» DATA FOR THIS EXERCISE
▼

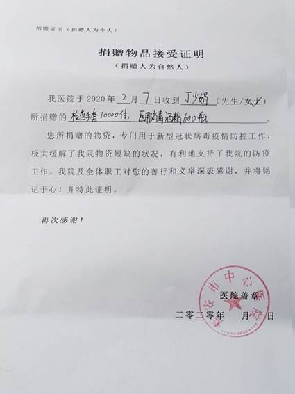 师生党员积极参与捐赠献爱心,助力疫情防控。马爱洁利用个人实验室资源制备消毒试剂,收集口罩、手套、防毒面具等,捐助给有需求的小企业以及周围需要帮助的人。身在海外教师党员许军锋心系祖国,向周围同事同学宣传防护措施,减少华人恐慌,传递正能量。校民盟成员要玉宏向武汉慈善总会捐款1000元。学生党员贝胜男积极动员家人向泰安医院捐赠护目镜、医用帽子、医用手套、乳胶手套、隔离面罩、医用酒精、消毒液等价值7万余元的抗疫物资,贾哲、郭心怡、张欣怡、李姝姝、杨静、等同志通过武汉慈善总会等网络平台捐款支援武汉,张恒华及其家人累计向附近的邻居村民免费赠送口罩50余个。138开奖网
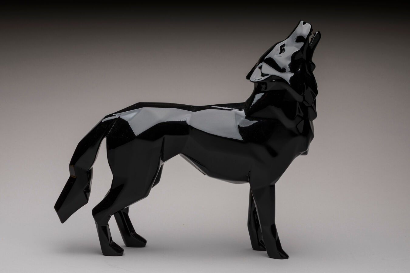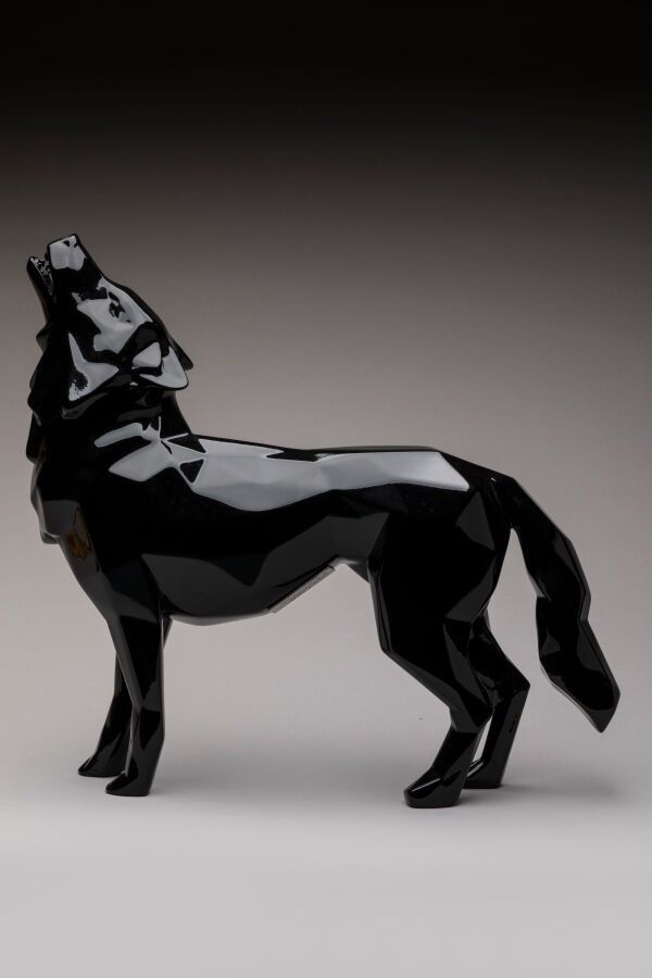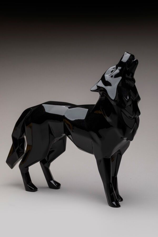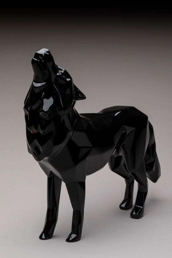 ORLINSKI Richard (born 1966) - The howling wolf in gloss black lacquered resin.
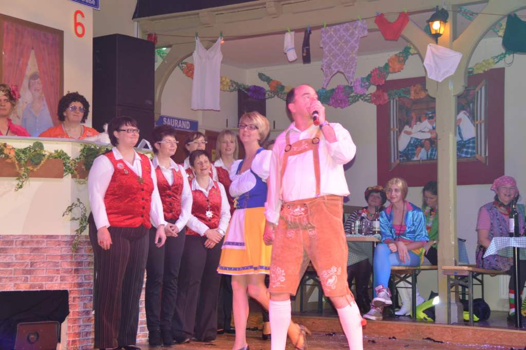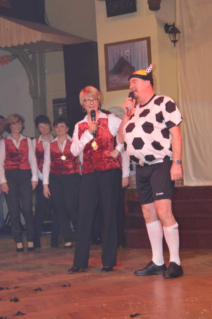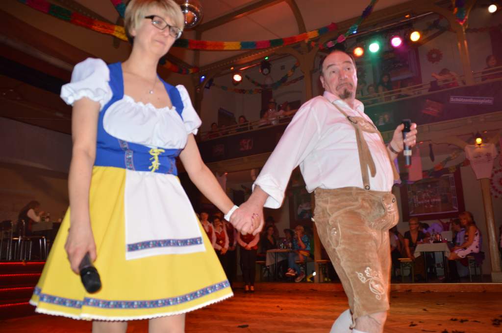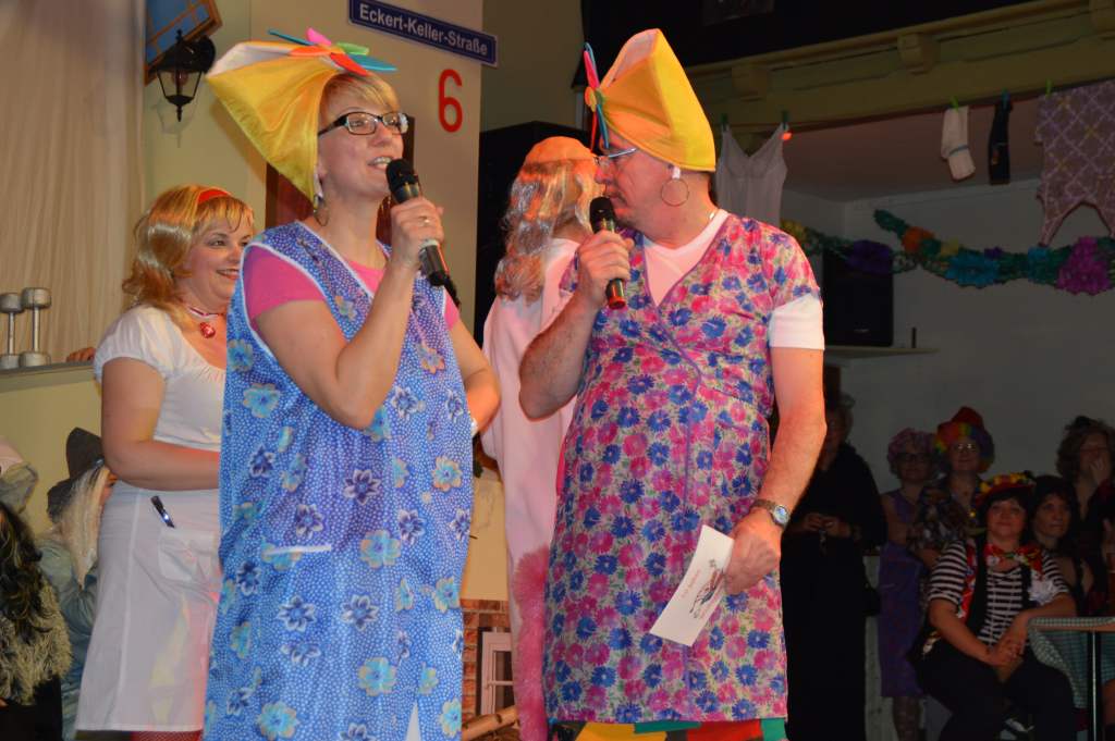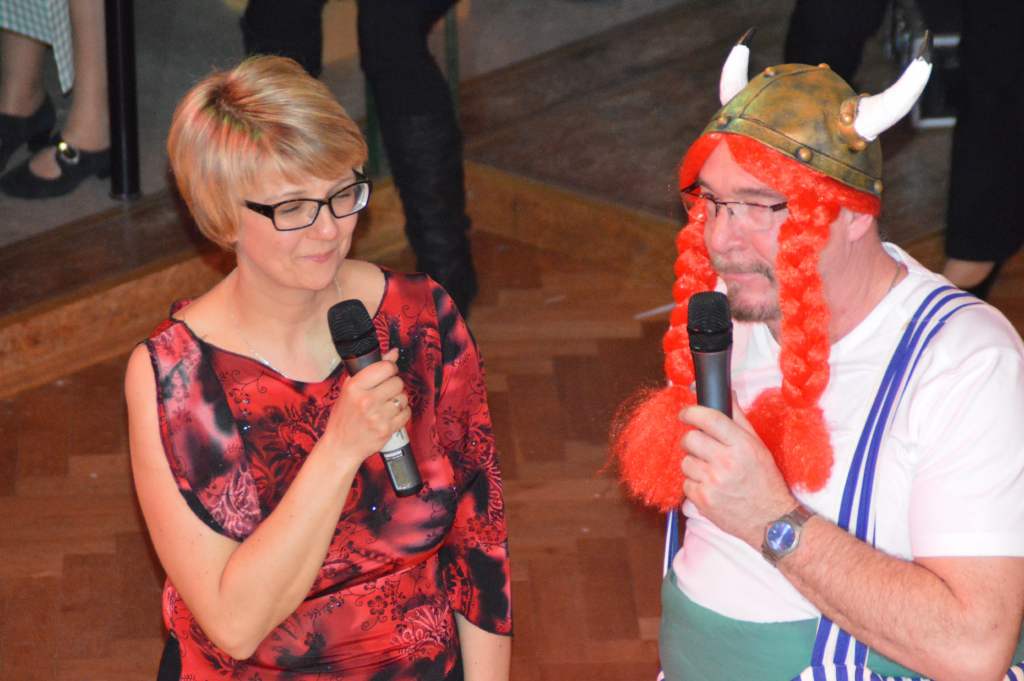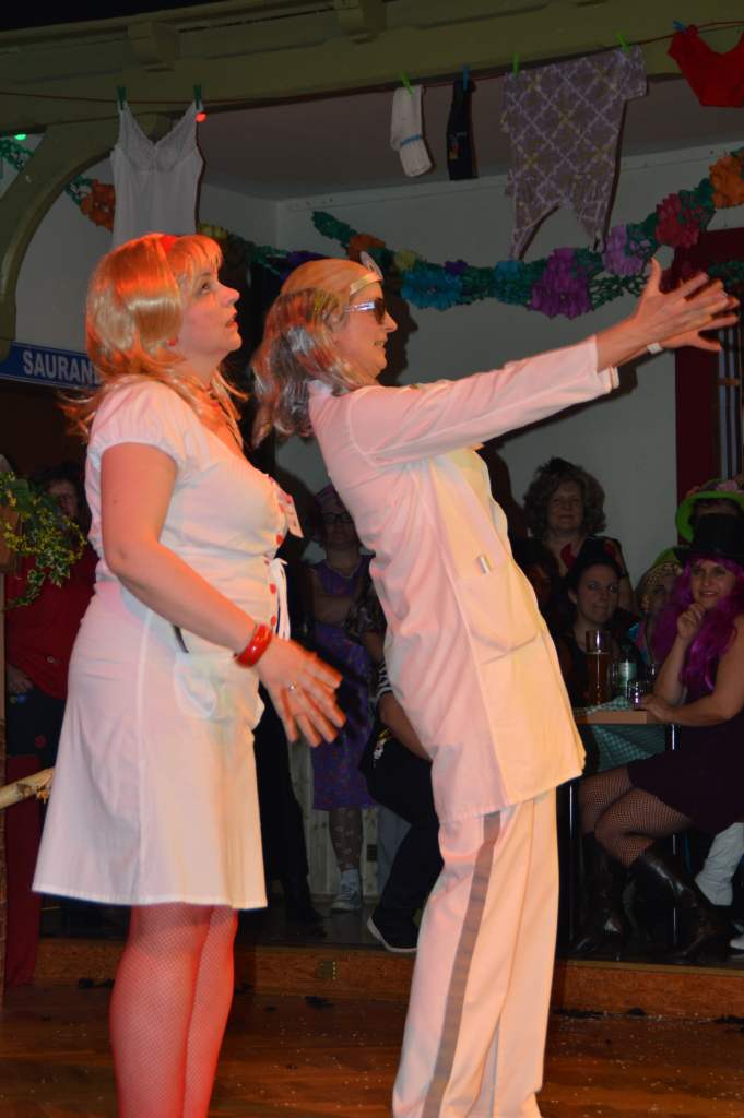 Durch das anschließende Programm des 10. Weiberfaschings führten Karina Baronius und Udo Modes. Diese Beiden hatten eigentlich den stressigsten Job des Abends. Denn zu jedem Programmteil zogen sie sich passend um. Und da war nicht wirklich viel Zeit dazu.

▲
▼

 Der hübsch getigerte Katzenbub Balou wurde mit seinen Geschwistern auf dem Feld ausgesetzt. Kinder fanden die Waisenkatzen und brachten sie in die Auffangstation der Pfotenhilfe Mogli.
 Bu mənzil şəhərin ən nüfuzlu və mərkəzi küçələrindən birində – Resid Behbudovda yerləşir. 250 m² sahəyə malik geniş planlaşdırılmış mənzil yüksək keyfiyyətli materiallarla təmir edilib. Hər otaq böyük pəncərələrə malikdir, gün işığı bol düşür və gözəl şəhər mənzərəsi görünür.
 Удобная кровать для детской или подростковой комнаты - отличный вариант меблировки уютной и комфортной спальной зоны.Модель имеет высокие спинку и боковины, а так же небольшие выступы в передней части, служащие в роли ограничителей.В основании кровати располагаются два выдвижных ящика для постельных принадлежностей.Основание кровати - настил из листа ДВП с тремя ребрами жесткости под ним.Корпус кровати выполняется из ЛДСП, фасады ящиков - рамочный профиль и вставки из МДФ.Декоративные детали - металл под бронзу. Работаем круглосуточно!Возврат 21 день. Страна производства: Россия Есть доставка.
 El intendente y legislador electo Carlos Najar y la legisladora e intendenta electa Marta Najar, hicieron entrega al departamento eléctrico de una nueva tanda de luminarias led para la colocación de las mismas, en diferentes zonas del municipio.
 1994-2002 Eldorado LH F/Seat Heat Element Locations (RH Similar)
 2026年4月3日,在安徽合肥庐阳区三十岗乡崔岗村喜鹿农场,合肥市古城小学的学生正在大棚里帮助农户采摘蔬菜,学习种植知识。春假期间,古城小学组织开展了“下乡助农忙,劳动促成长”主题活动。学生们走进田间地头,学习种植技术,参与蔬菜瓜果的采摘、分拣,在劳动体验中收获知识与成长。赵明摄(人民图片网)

▲

» TASK GOAL
Only those lines of the entries above that run from the line containing "1994-2002 Eldorado LH" to the line containing "2026年4月3日,在安徽合", both included, should be transcribed exactly.

» RESULT FOR THIS EXERCISE
 1994-2002 Eldorado LH F/Seat Heat Element Locations (RH Similar)
 2026年4月3日,在安徽合肥庐阳区三十岗乡崔岗村喜鹿农场,合肥市古城小学的学生正在大棚里帮助农户采摘蔬菜,学习种植知识。春假期间,古城小学组织开展了“下乡助农忙,劳动促成长”主题活动。学生们走进田间地头,学习种植技术,参与蔬菜瓜果的采摘、分拣,在劳动体验中收获知识与成长。赵明摄(人民图片网)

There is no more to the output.